Jossel Wassermanns Heimkehr

Roman

Aus dem Einbandstext:

Jossel Wassermann macht sein Testament. Es ist Spätsommer 1939, und während ganz Europa auf den Krieg wartet, erzählt der reiche Matzebrotfabrikant in seiner Villa am Zürichsee einem Anwalt und einem Notar von der Welt, aus der er herkommt: dem kleinen jüdischen Schtetl am Pruth, unweit von Czernowitz, am östlichsten Rand der alten Donaumonarchie.
Es ist eine Welt, die nur aus Geschichten zu bestehen scheint, Geschichten, die kein Ende nehmen wollen, und deren grausames Ende doch schon beschlossen ist.
Mit seinem urwüchsigen Fabuliertalent breitet Edgar Hilsenrath einen farbigen Bilderbogen vor dem Leser aus.
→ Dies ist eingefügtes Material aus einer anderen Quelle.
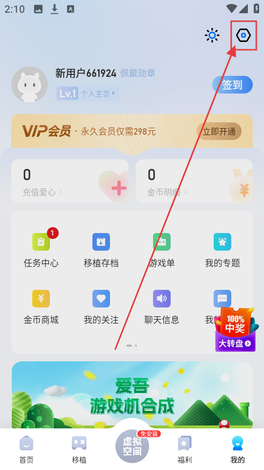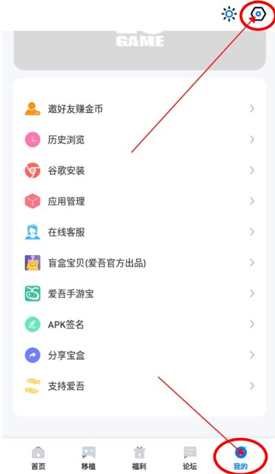 1、安装好软件后打开,点击我的页面,找到右上角的齿轮设置界面。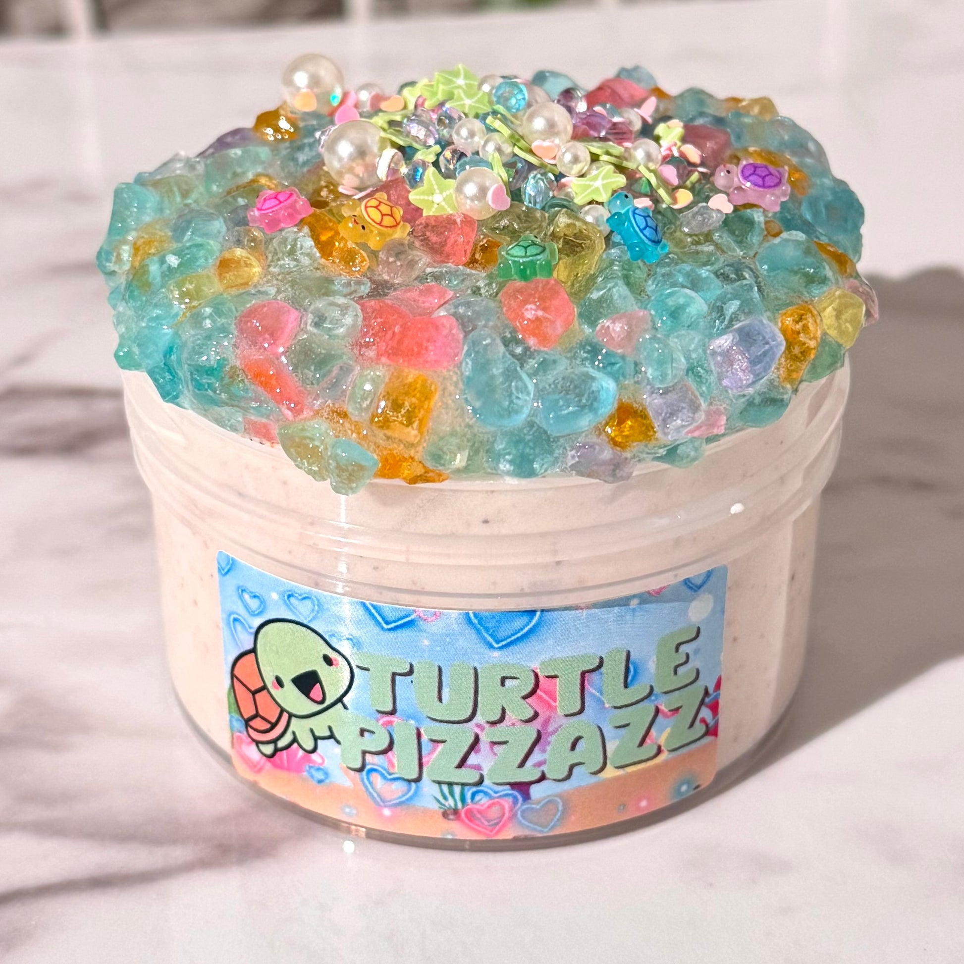 Every purchase comes with a baggie of borax, along with a slime care card, and an activator pen (10ml). To restore melted slimes, carefully follow the instructions provided. All slimes may require some playtime to return to their original shape. Over time, all slimes can melt — so it is essential to activate and take care of them properly. Don't forget to wash your hands before you play! Ignoring this step can cause irreparable damage to your slime. All of our slimes come in 6OZ containers & our toppers are approximately 1.8-3oz— and all sales are final. Never eat the slime! And be careful of potential small parts.
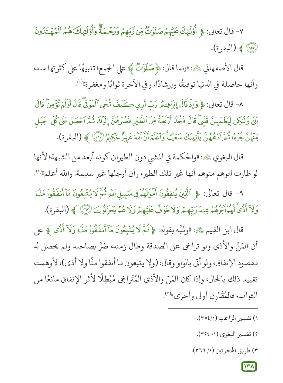 7 - قال تعالى: {أُولَئِكَ عَلَيْهِمْ صَلَوَاتٌ مِنْ رَبِّهِمْ وَرَحْمَةٌ وَأُولَئِكَ هُمُ الْمُهْتَدُونَ (157)} (البقرة).
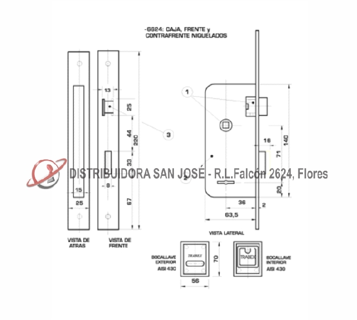 Descripción: CERRADURA DOBLE PALETA TRABEX MODELO CA4 6624 PE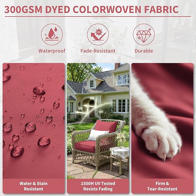 Premium Outdoor Seat Cushion Chair Cushions for Patio Furniture 22 L X 22 W X 4 H Waterproof & Fade Resistant Deep Seat and Backrest Cushion Set with Removable Covers for Chair, Sofa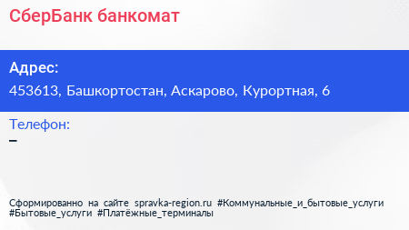 СберБанк, банкомат по адресу 453613, Башкортостан, Аскарово, Курортная, 6 в дальнейшем Организация, размещена в следующих категориях: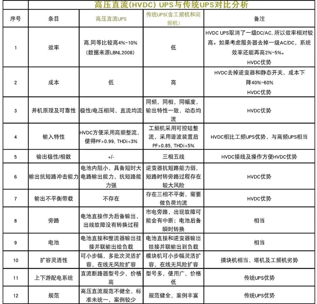 HVDC與傳統(tǒng)UPS對比分析(數(shù)據(jù)來源:@知乎飲冰子)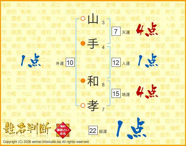 山手和孝さんの地運は15画の4点!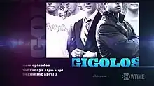 - ↑ "The Men of Sin City Are Back on Showtime(R) - Season 2 of "Gigolos" to Premiere Thursday, October 20th at 11 PM ET/PT". The Futon Critic. September 7, 2011. Retrieved April 14, 2013.
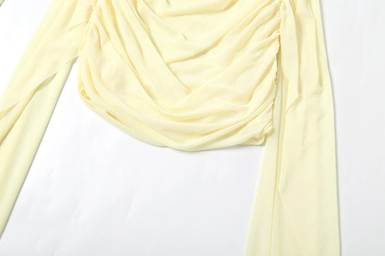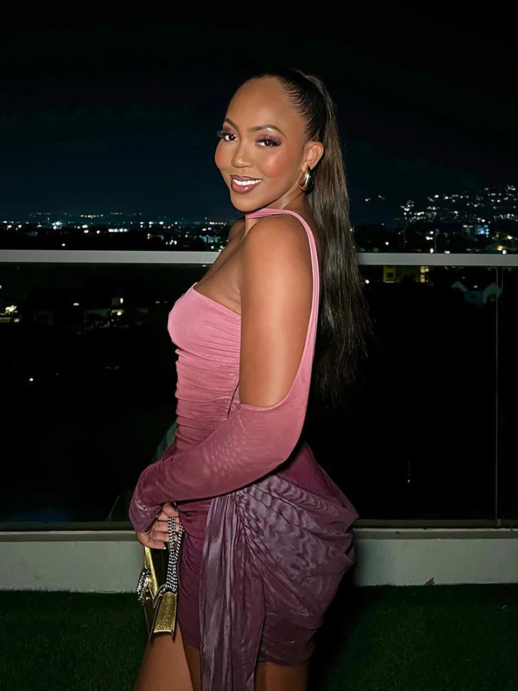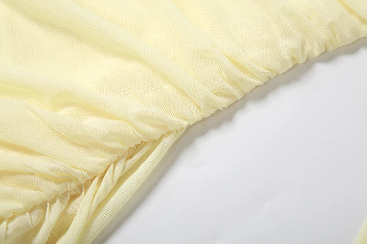 kliou Mesh Simple Women Mini Dress Fashion Solid Strapless Ribbons Tassel Body-shaping Vestidos+Seperately Full Sleeve Gloves

Geschichten vom Wasserträger Jankl und seiner heimlichen Liebe zu Rifke, der Tochter des Schusters Katz, von der alten Vogelscheuche und dem Kruzifix an der Landstraße nach Sniatyn, und natürlich die berühmte Geschichte vom jüdischen Salzhering und dem österreichischen Kaiser – ein buntes Treiben vor einem düsteren Hintergrund. Denn das Geld Jossel Wassermanns und auch sein Leichnam werden Pohodna nie erreichen, wie er es in seinem Testament verfügt. über all den idyllischen, glücklichen Erinnerungen liegt der Schatten dessen, was kommen wird – die unvorstellbar grausame Ausrottung der europäischen Juden, die das in diesen Geschichten blühende Leben auslöschen wird – endgültig und unwiderruflich.
Edgar Hilsenraths großer Roman ist das Totenlied auf die reiche Kultur des osteuropäischen Judentums.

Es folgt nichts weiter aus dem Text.